With the advent of Solid State Lighting (SSL), it is becoming possible to realize very complex dynamic and static colour lighting effects. These effects may be based on a number of inputs, such as controllers, sensors and even audio/video (AV) streams. In addition to individual light emitting diode (LED) devices, the LEDs can be used in a matrix configuration to act as a display for multimedia content, e.g. a video wall.
An issue arises due to the variety of configurations possible for matrix displays, e.g. varying pitch, matrix size and shape. Although a given configuration can be preconfigured in a static way, such a static pre-configuration is time consuming and not flexible. A main disadvantage with current SSL systems is that the matrix size, shape and pitch must either be preconfigured or programmed by hand at installation time.
It would thus be desirable to have a method for creating an arbitrary size and shape matrix display and automatically detecting its size and shape. Accordingly, an improved method and system for overcoming the problems in the art is desired.

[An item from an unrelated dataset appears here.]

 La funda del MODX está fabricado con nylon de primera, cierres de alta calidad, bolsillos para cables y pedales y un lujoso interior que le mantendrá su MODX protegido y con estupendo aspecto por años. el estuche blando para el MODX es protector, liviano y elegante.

FIG. 1 is a block diagram view of an LED based display configuration according to an embodiment of the present disclosure;
FIG. 2 is a simplified schematic block diagram view illustrating the LED based display configuration of FIG. 1 in greater detail according to an embodiment of the present disclosure;
FIG. 3 is a schematic block diagram view of an LED module in a first mode and a second mode for use in the LED based display configuration according to the embodiments of the present disclosure; and
FIG. 4 is a block diagram view of a partial LED matrix array for illustrating a method of auto-commissioning of an LED based display configuration according to an embodiment of the present disclosure.

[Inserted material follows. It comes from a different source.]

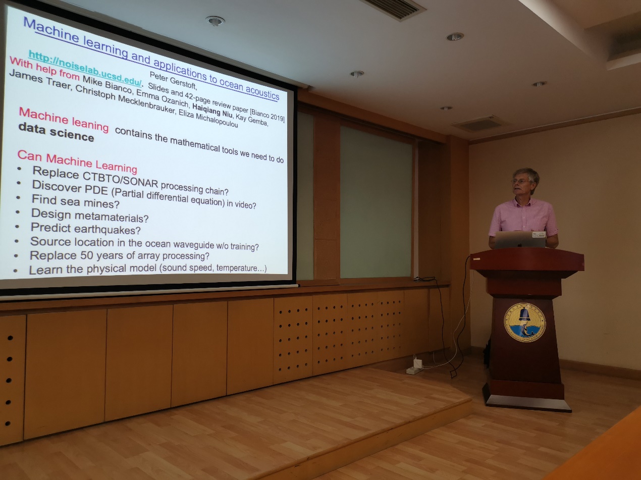 2019年7月19日,应声场声信息国家重点实验室邀请,美国加州大学圣地亚哥分校Scripps海洋研究所Peter Gerstoft教授访问yx06永兴彩票集团,并在yx06永兴彩票集团德昭楼218会议室作了题为 Machine learning and applications in ocean acoustics 的精彩学术报告。相关领域的科研人员和研究生参加了报告会。

In the figures, like reference numerals refer to like elements. In addition, it is to be noted that the figures may not be drawn to scale.
FIG. 1 is a block diagram view of an LED based display configuration 10 according to an embodiment of the present disclosure. For example, a number of LED modules 12 are arranged in an interconnected matrix, the matrix including rows 14 and columns 16. For illustrative purposes only, as shown in FIG. 1, the interconnected matrix comprises a four-by-four (4×4) square matrix of LED modules 12. In one embodiment, each LED module 12 is configured with the capability of emitting Red, Green, and Blue colour light in combination, indicated by reference numerals 7, 8 and 9, respectively. In another embodiment, the matrix 10 can comprise up to many thousands of interconnected LED modules 12 in a matrix. Furthermore, the interconnected matrix can also include any two dimensional (2-D) or three dimensional (3-D) shape. Moreover, in another embodiment, the LED modules 12 comprise single colour modules. In yet another embodiment, the LED modules 12 of the matrix 10 comprise different colour combination modules.
Each LED module used in connection with the present embodiments comprises at least two ports, each port including one or more of an electrical, optical, or other signal line or lines, such as a bus. The ports of each LED module are oriented in a predefined configuration and orientation, such as in a compass orientation (North, East, South and West) or in a polar coordinate orientation, with respect to the module and each other. Each LED module further contains information regarding its capabilities.
FIG. 2 is a simplified schematic block diagram view illustrating the LED based display configuration of FIG. 1 in greater detail according to an embodiment of the present disclosure. In particular, FIG. 2 is an expanded view of the interconnected matrix 10 of LED modules 12 of FIG. 1 with controller 18 coupled to the LED module 12 located at row 14-1 and column 16-1. Controller 18 is coupled to the LED module 12 at a single access point, generally indicated by reference numeral 19. Each square 12 in the matrix 10 is a LED module, each of which has a number of associated ports, indicated by reference numeral 20, as will be discussed further herein with reference to FIG. 3. The orientation of the ports 20 associated with each LED module is of importance. In the example of FIG. 2, only four ports are shown with respect to each of the LED modules. However, there may be more ports depending on the orientation and shape required for a given interconnected LED module application. Furthermore, the ports may also be characterized by different orientations and/or angles, e.g. circular, diagonal, etc.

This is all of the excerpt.